+++ Dataset section
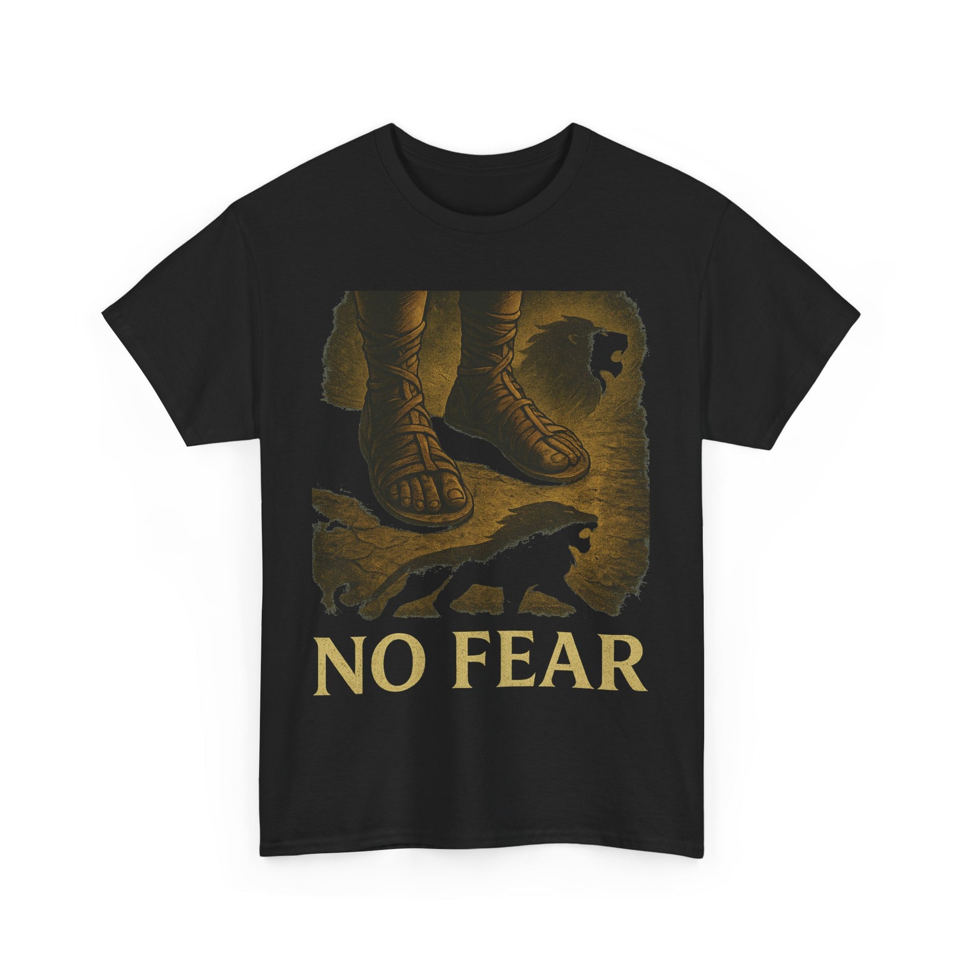 Step forward without hesitation in the No Fear Gladiator T-Shirt, a bold visual expression of inner strength and unshakable courage. The artwork features Roman-style sandals grounded in firm stance, with a lion’s shadow cast beneath — symbolizing how quiet confidence can roar louder than words.
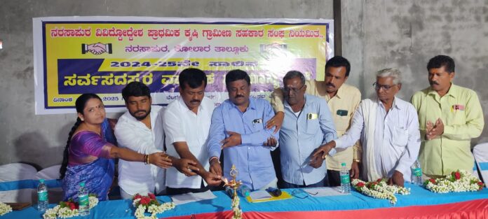 ತಾಲೂಕಿನ ನರಸಾಪುರ ಗ್ರಾಮದ ಸಹಕಾರ ಸಂಘದ ಆವರಣದಲ್ಲಿ ಏರ್ಪಡಿಸಿದ್ದ 2024 – 25 ನೇ ಸಾಲಿನ ಸರ್ವ ಸದಸ್ಯರ ವಾರ್ಷಿಕ ಸಾಮಾನ್ಯ ಸಭೆಯಯನ್ನು ಉದ್ಘಾಟಿಸಿ ಮಾತನಾಡಿದ ಅವರು ರೈತರು ಎಲ್ಲರೂ ಸೇರಿ ನೂತನ ಕಟ್ಟಡವನ್ನು ನಿರ್ಮಾಣ ಮಾಡಬೇಕೆಂದು ಆಸೆ ಇತ್ತು ನಾನು 2016 ರಲ್ಲಿ ಅಧ್ಯಕ್ಷನಾದ ಸಂದರ್ಭದಲ್ಲಿ ಕಟ್ಟಡ ನಿರ್ಮಾಣ ಮಾಡುವ ಸ್ಥಿತಿಯಲ್ಲಿ ಇರಲಿಲ್ಲ, ನಾವು ಅಧಿಕಾರ ವಹಿಸಿಕೊಂಡ ಸಂದರ್ಭದಲ್ಲಿ ಸಾಲ ವಿತರಣೆ ಕಡಿಮೆ ಇತ್ತು, ಸುಮಾರು 25 ಲಕ್ಷ ಮಾತ್ರ ಇತ್ತು, ನಾವು ಅಧಿಕಾರ ಸ್ವೀಕರಿಸಿದ ನಂತರ ನಮ್ಮ ಅವಧಿಯಲ್ಲಿ ಸುಮಾರು 800 ರೈತರಿಗೆ 10 ಕೋಟಿ ಕೆಸಿಸಿ ಸಾಲ ಕೊಡಿಸಲಾಗಿತ್ತು, ಆ ಕೆಸಿಸಿ ಸಾಲದಲ್ಲಿ ಸುಮಾರು 6.50 ಕೋಟಿ ಸಾಲ ಮನ್ನಾ ಮಾಡಲಾಗಿದೆ ಎಂದರು
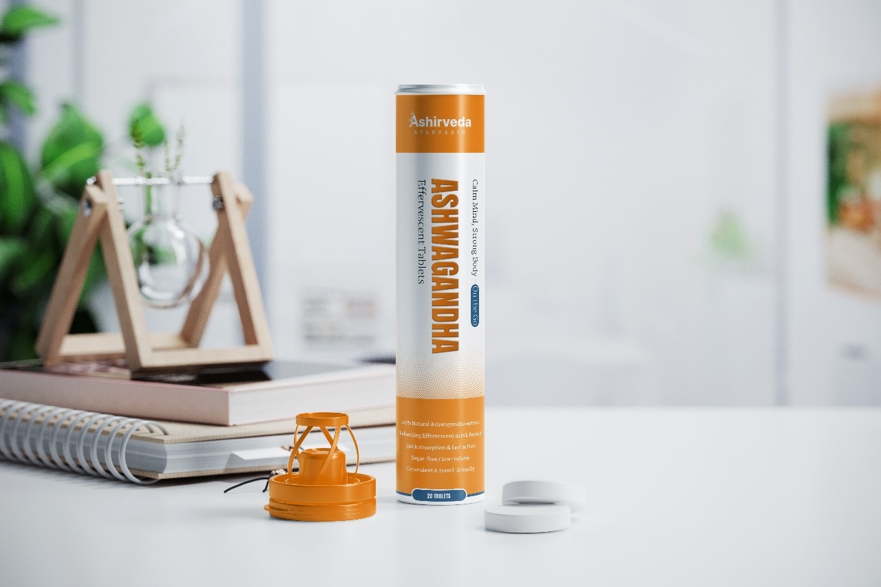 Ashirveda Ayurvedic Ashwagandha Effervescent Tablets are a natural stress-relief and energy-boosting solution designed for today’s fast-paced lifestyle. Enriched with the power of pure Ashwagandha extract, these effervescent tablets help reduce stress, anxiety, and fatigue while supporting mental clarity, stamina, and overall immunity. The effervescent formula ensures quick absorption, refreshing taste, and convenience—just drop, fizz, and sip for instant wellness. Ideal for professionals, students, and fitness enthusiasts, Ashirveda’s Ashwagandha tablets balance mind and body naturally. Experience the perfect blend of Ayurveda and modern innovation to stay calm, focused, and energized every day.
++++++
● The task: Set the pictures aside and transcribe the data above exactly.

● Answer below:
 Step forward without hesitation in the No Fear Gladiator T-Shirt, a bold visual expression of inner strength and unshakable courage. The artwork features Roman-style sandals grounded in firm stance, with a lion’s shadow cast beneath — symbolizing how quiet confidence can roar louder than words.
 ತಾಲೂಕಿನ ನರಸಾಪುರ ಗ್ರಾಮದ ಸಹಕಾರ ಸಂಘದ ಆವರಣದಲ್ಲಿ ಏರ್ಪಡಿಸಿದ್ದ 2024 – 25 ನೇ ಸಾಲಿನ ಸರ್ವ ಸದಸ್ಯರ ವಾರ್ಷಿಕ ಸಾಮಾನ್ಯ ಸಭೆಯಯನ್ನು ಉದ್ಘಾಟಿಸಿ ಮಾತನಾಡಿದ ಅವರು ರೈತರು ಎಲ್ಲರೂ ಸೇರಿ ನೂತನ ಕಟ್ಟಡವನ್ನು ನಿರ್ಮಾಣ ಮಾಡಬೇಕೆಂದು ಆಸೆ ಇತ್ತು ನಾನು 2016 ರಲ್ಲಿ ಅಧ್ಯಕ್ಷನಾದ ಸಂದರ್ಭದಲ್ಲಿ ಕಟ್ಟಡ ನಿರ್ಮಾಣ ಮಾಡುವ ಸ್ಥಿತಿಯಲ್ಲಿ ಇರಲಿಲ್ಲ, ನಾವು ಅಧಿಕಾರ ವಹಿಸಿಕೊಂಡ ಸಂದರ್ಭದಲ್ಲಿ ಸಾಲ ವಿತರಣೆ ಕಡಿಮೆ ಇತ್ತು, ಸುಮಾರು 25 ಲಕ್ಷ ಮಾತ್ರ ಇತ್ತು, ನಾವು ಅಧಿಕಾರ ಸ್ವೀಕರಿಸಿದ ನಂತರ ನಮ್ಮ ಅವಧಿಯಲ್ಲಿ ಸುಮಾರು 800 ರೈತರಿಗೆ 10 ಕೋಟಿ ಕೆಸಿಸಿ ಸಾಲ ಕೊಡಿಸಲಾಗಿತ್ತು, ಆ ಕೆಸಿಸಿ ಸಾಲದಲ್ಲಿ ಸುಮಾರು 6.50 ಕೋಟಿ ಸಾಲ ಮನ್ನಾ ಮಾಡಲಾಗಿದೆ ಎಂದರು
 Ashirveda Ayurvedic Ashwagandha Effervescent Tablets are a natural stress-relief and energy-boosting solution designed for today’s fast-paced lifestyle. Enriched with the power of pure Ashwagandha extract, these effervescent tablets help reduce stress, anxiety, and fatigue while supporting mental clarity, stamina, and overall immunity. The effervescent formula ensures quick absorption, refreshing taste, and convenience—just drop, fizz, and sip for instant wellness. Ideal for professionals, students, and fitness enthusiasts, Ashirveda’s Ashwagandha tablets balance mind and body naturally. Experience the perfect blend of Ayurveda and modern innovation to stay calm, focused, and energized every day.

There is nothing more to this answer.